__DATA RECORDS__.
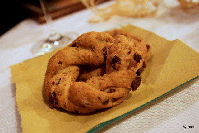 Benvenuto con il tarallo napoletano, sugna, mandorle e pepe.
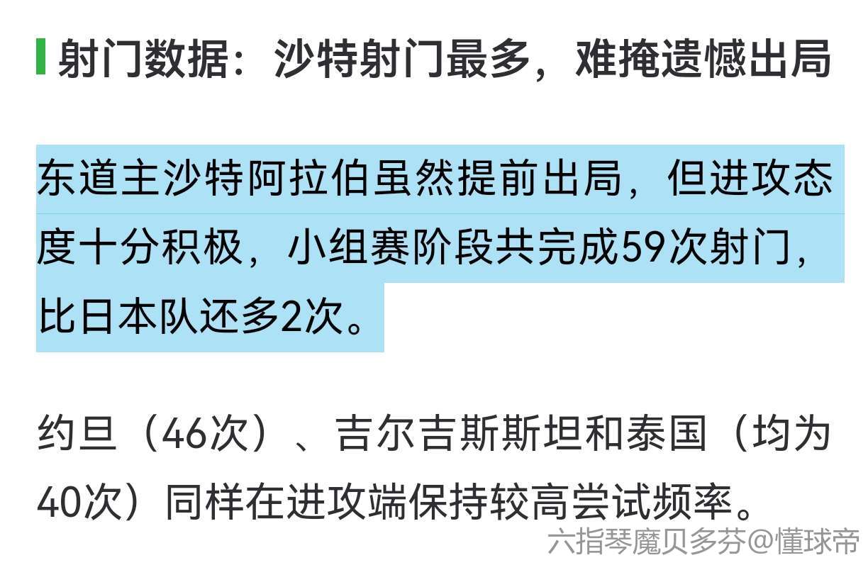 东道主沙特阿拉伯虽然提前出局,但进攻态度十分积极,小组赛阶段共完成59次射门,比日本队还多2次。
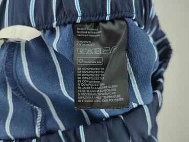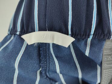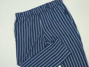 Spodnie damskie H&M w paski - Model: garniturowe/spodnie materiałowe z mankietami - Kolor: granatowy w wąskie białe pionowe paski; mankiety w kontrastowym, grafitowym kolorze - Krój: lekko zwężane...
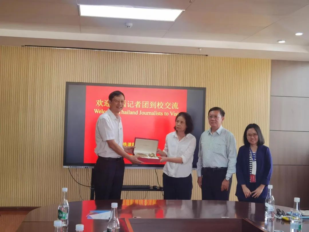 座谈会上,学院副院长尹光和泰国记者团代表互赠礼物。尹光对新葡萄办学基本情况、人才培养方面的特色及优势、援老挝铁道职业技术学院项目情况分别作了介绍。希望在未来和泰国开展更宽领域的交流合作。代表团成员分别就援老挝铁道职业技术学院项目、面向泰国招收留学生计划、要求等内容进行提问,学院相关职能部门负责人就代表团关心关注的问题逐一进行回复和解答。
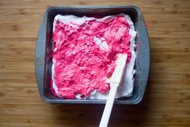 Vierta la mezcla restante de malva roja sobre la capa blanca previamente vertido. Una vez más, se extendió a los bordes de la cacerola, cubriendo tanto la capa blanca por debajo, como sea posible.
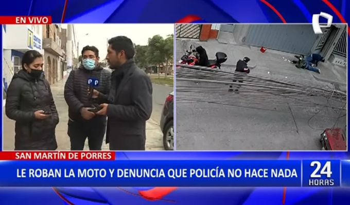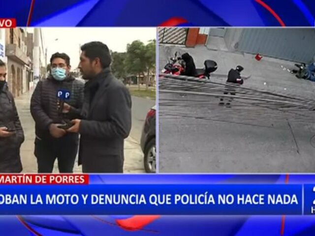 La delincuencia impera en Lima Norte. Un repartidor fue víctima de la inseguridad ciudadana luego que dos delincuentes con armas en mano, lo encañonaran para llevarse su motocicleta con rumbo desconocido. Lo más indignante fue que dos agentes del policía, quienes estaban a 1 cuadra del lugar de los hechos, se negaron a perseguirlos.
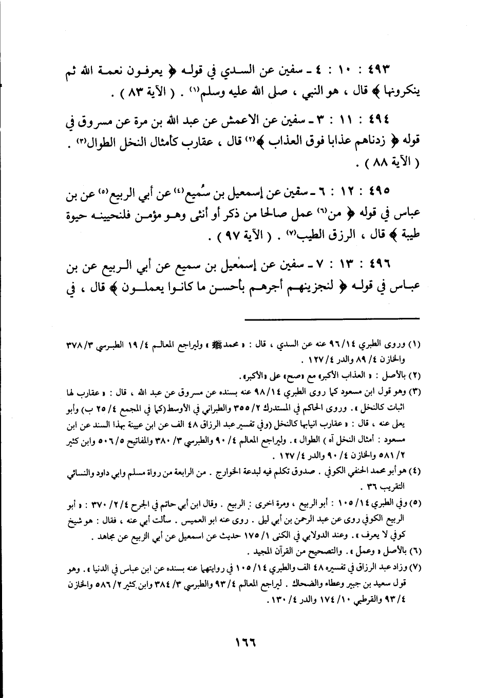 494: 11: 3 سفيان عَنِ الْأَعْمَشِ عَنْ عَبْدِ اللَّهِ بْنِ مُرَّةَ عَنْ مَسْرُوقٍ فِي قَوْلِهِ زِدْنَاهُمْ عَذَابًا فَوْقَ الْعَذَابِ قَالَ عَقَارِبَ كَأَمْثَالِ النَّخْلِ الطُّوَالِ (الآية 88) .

__WHAT YOU WILL DO__. Repeat the data exactly, dropping every picture it holds.

__ANSWER SECTION__.
 Benvenuto con il tarallo napoletano, sugna, mandorle e pepe.
 东道主沙特阿拉伯虽然提前出局,但进攻态度十分积极,小组赛阶段共完成59次射门,比日本队还多2次。
 Spodnie damskie H&M w paski - Model: garniturowe/spodnie materiałowe z mankietami - Kolor: granatowy w wąskie białe pionowe paski; mankiety w kontrastowym, grafitowym kolorze - Krój: lekko zwężane...
 座谈会上,学院副院长尹光和泰国记者团代表互赠礼物。尹光对新葡萄办学基本情况、人才培养方面的特色及优势、援老挝铁道职业技术学院项目情况分别作了介绍。希望在未来和泰国开展更宽领域的交流合作。代表团成员分别就援老挝铁道职业技术学院项目、面向泰国招收留学生计划、要求等内容进行提问,学院相关职能部门负责人就代表团关心关注的问题逐一进行回复和解答。
 Vierta la mezcla restante de malva roja sobre la capa blanca previamente vertido. Una vez más, se extendió a los bordes de la cacerola, cubriendo tanto la capa blanca por debajo, como sea posible.
 La delincuencia impera en Lima Norte. Un repartidor fue víctima de la inseguridad ciudadana luego que dos delincuentes con armas en mano, lo encañonaran para llevarse su motocicleta con rumbo desconocido. Lo más indignante fue que dos agentes del policía, quienes estaban a 1 cuadra del lugar de los hechos, se negaron a perseguirlos.
 494: 11: 3 سفيان عَنِ الْأَعْمَشِ عَنْ عَبْدِ اللَّهِ بْنِ مُرَّةَ عَنْ مَسْرُوقٍ فِي قَوْلِهِ زِدْنَاهُمْ عَذَابًا فَوْقَ الْعَذَابِ قَالَ عَقَارِبَ كَأَمْثَالِ النَّخْلِ الطُّوَالِ (الآية 88) .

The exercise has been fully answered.